■ **To do**
Starting from the first line, transcribe the whole listing exactly.

START Stored data

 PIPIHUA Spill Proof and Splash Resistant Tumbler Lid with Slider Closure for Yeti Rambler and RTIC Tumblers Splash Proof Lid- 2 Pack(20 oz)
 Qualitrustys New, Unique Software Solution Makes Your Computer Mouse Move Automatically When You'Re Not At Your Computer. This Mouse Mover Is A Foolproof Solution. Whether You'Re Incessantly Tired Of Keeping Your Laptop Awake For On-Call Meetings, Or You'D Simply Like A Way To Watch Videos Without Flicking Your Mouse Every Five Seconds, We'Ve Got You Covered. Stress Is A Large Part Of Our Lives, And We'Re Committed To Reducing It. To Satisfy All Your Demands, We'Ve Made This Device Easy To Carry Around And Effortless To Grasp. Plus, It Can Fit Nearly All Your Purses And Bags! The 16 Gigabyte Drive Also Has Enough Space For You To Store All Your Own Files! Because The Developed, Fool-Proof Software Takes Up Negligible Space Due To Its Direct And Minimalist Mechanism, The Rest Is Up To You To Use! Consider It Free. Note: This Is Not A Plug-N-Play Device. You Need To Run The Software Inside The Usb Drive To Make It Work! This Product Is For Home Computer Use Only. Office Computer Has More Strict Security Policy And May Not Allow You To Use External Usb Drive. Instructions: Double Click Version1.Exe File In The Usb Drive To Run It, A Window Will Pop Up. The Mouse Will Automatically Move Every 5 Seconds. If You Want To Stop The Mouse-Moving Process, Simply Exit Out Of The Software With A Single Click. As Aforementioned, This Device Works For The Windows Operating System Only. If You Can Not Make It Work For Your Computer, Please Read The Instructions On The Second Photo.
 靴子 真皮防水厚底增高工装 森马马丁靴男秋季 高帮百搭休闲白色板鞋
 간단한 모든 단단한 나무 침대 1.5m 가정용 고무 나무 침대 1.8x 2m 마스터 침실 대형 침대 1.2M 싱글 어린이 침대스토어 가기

END Stored data

■ **Solution to the problem**
 PIPIHUA Spill Proof and Splash Resistant Tumbler Lid with Slider Closure for Yeti Rambler and RTIC Tumblers Splash Proof Lid- 2 Pack(20 oz)
 Qualitrustys New, Unique Software Solution Makes Your Computer Mouse Move Automatically When You'Re Not At Your Computer. This Mouse Mover Is A Foolproof Solution. Whether You'Re Incessantly Tired Of Keeping Your Laptop Awake For On-Call Meetings, Or You'D Simply Like A Way To Watch Videos Without Flicking Your Mouse Every Five Seconds, We'Ve Got You Covered. Stress Is A Large Part Of Our Lives, And We'Re Committed To Reducing It. To Satisfy All Your Demands, We'Ve Made This Device Easy To Carry Around And Effortless To Grasp. Plus, It Can Fit Nearly All Your Purses And Bags! The 16 Gigabyte Drive Also Has Enough Space For You To Store All Your Own Files! Because The Developed, Fool-Proof Software Takes Up Negligible Space Due To Its Direct And Minimalist Mechanism, The Rest Is Up To You To Use! Consider It Free. Note: This Is Not A Plug-N-Play Device. You Need To Run The Software Inside The Usb Drive To Make It Work! This Product Is For Home Computer Use Only. Office Computer Has More Strict Security Policy And May Not Allow You To Use External Usb Drive. Instructions: Double Click Version1.Exe File In The Usb Drive To Run It, A Window Will Pop Up. The Mouse Will Automatically Move Every 5 Seconds. If You Want To Stop The Mouse-Moving Process, Simply Exit Out Of The Software With A Single Click. As Aforementioned, This Device Works For The Windows Operating System Only. If You Can Not Make It Work For Your Computer, Please Read The Instructions On The Second Photo.
 靴子 真皮防水厚底增高工装 森马马丁靴男秋季 高帮百搭休闲白色板鞋
 간단한 모든 단단한 나무 침대 1.5m 가정용 고무 나무 침대 1.8x 2m 마스터 침실 대형 침대 1.2M 싱글 어린이 침대스토어 가기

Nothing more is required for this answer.